Les mouvements populistes et europhobes qui veulent déconstruire l’Europe sont de précieux alliés pour les soldats fanatiques et décérébrés de l’Etat Islamique, puisque ces mouvements ne cessent d’affaiblir l’Europe en prônant le repli sur soi. Or, pour lutter contre Daesh, il faut faire exactement le contraire : renforcer l’Europe, mutualiser les renseignements collectés par les Etats-membres, augmenter les moyens d’Europol et de l’agence Frontex. Face au terrorisme, l’Europe n’est pas le problème, elle est la solution. Les débats autour du PNR (Passenger Name Record) sont assez symptomatiques des atermoiements actuels de l’Europe face au terrorisme : trop d’Etats-membres veulent garder pour eux les données sensibles, ce qui limite considérablement l’efficacité du PNR. Les citoyens européens attendent que l’Europe les protège plus efficacement contre le terrorisme, mais l’UE ne s’est pas encore dotée de moyens suffisants pour assumer cette mission.

Il faut bâtir une véritable « Europe du renseignement » : Europol doit devenir, à terme, un « FBI européen » capable d’assurer la sécurité de l’Union et de ses habitants face au terrorisme et au crime organisé.
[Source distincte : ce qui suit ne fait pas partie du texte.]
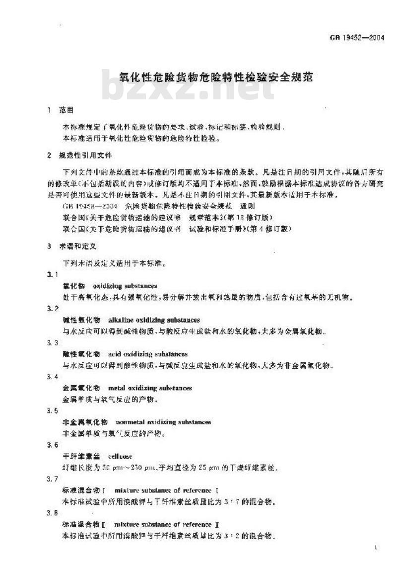 氧化性危险货物危险特性检验安全规范木标推规定【氧化外危险货物的要求、试验,标记和际签,检验规则,本标准活用于氧化性危险货物的危险特检验。2规范性引用文件
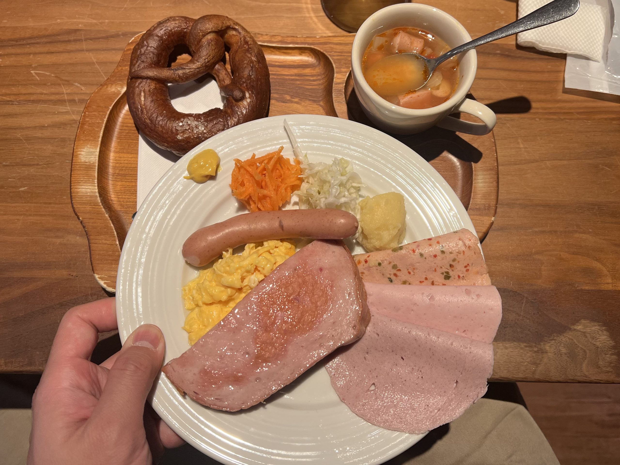 外はこんがり香ばしく焼け、中はもちもちプレッツェルと加工肉で気分はドイツ人である

En novembre 2015, peu après les attentats de Paris, le Parti Démocrate Européen réclamait déjà des mesures fortes en matière de renseignement et de lutte antiterroriste : l’obligation pour chaque Etat-membre de transmettre au SIS (Système d’Information Schengen) la liste de toutes les personnes suspectées de terrorisme, la création d’un fichier européen d’empreintes digitales de tous les djihadistes identifiés par les Etats-membres, et la mise en place d’un véritable PNR européen reposant sur un partage obligatoire des données relatives à l’ensemble des passagers aériens de l’Union européenne.